# What is the derivative of ln((e^x)/(1+e^x))?

Sep 27, 2015

$\frac{1}{1 + {e}^{x}}$

#### Explanation:

$y ' = \frac{1}{{e}^{x} / \left(1 + {e}^{x}\right)} \cdot \frac{{e}^{x} \left(1 + {e}^{x}\right) - {e}^{x} {e}^{x}}{1 + {e}^{x}} ^ 2 = \frac{1}{e} ^ x \cdot \frac{{e}^{x} + {e}^{2 x} - {e}^{2 x}}{1 + {e}^{x}} =$

$= \frac{1}{e} ^ x \cdot {e}^{x} / \left(1 + {e}^{x}\right) = \frac{1}{1 + {e}^{x}}$

Sep 28, 2015

$\frac{1}{1 + {e}^{x}}$

#### Explanation:

You can bypass using the quoitient rule for derivatives by using the quotient rule for logarithms

$\ln \left(\frac{a}{b}\right) = \ln a - \ln b$

In your case, you will have

$\ln \left({e}^{x} / \left(1 + {e}^{x}\right)\right) = \ln {e}^{x} - \ln \left(1 + {e}^{x}\right)$

Now all you have to do is use the chain rule twice, once for $\ln u$, with $u = {e}^{x}$, and once for $\ln v$, with $v = 1 + {e}^{x}$.

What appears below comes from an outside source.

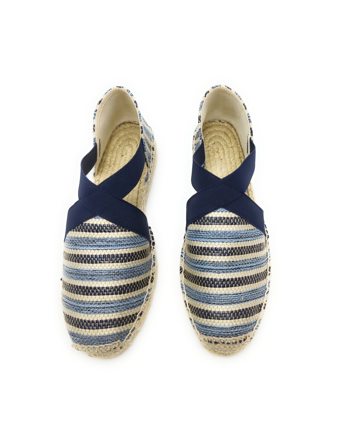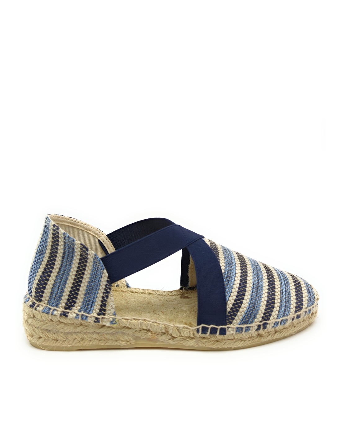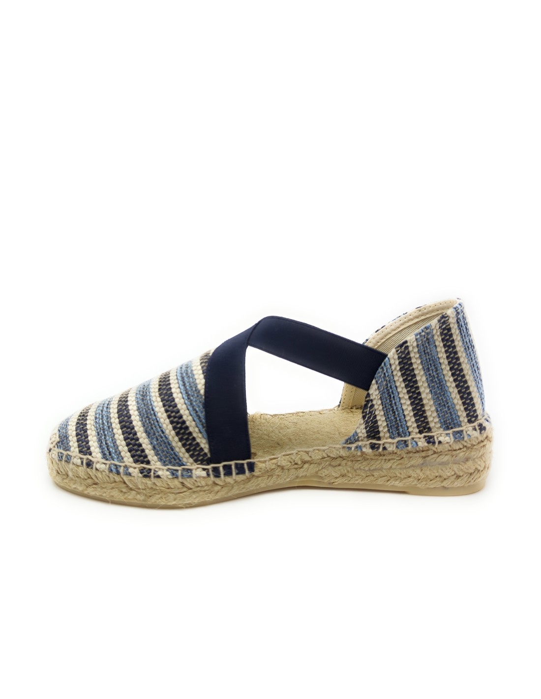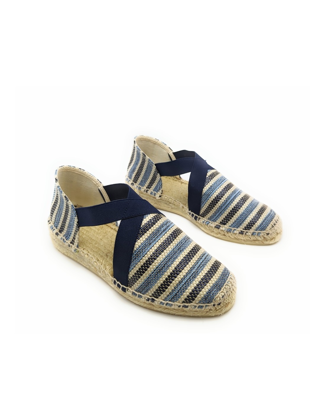 Descripción: Sandalia mujer 300 de Anse Rioja, fabricación artesanal de la Rioja. En suave rafia tonos azules. Tiras elásticas ajustables. Cuña de 2 cuerdas de yute natural con piso de goma antideslizante.

$\frac{d}{\mathrm{dx}} \left[\ln {e}^{x} - \ln \left(1 + {e}^{x}\right)\right] = \frac{d}{\mathrm{dx}} \ln {e}^{x} - \frac{d}{\mathrm{dx}} \ln \left(1 + {e}^{x}\right)$

You have

$\frac{d}{\mathrm{dx}} \left(\ln u\right) = \frac{d}{\mathrm{du}} \ln u \cdot \frac{d}{\mathrm{dx}} \left(u\right)$

$\frac{d}{\mathrm{dx}} \left(\ln u\right) = \frac{1}{u} \cdot \frac{d}{\mathrm{dx}} {e}^{x} = \frac{1}{\textcolor{red}{\cancel{\textcolor{b l a c k}{{e}^{x}}}}} \cdot \textcolor{red}{\cancel{\textcolor{b l a c k}{{e}^{x}}}} = 1$

and

$\frac{d}{\mathrm{dx}} \left(\ln v\right) = \frac{d}{\mathrm{dv}} \ln v \cdot \frac{d}{\mathrm{dx}} \left(v\right)$

$\frac{d}{\mathrm{dx}} \left(\ln v\right) = \frac{1}{v} \cdot \frac{d}{\mathrm{dx}} \left(1 + {e}^{x}\right) = \frac{1}{1 + {e}^{x}} \cdot {e}^{x}$

The target derivative will thus be

d/dxln(e^x/(1+e^x)) = 1 - e^x/(1+e^x) = (1 + color(red)(cancel(color(black)(e^x))) - color(red)(cancel(color(black)(e^x))))/(1+e^x) = color(green)(1/(1+e^x)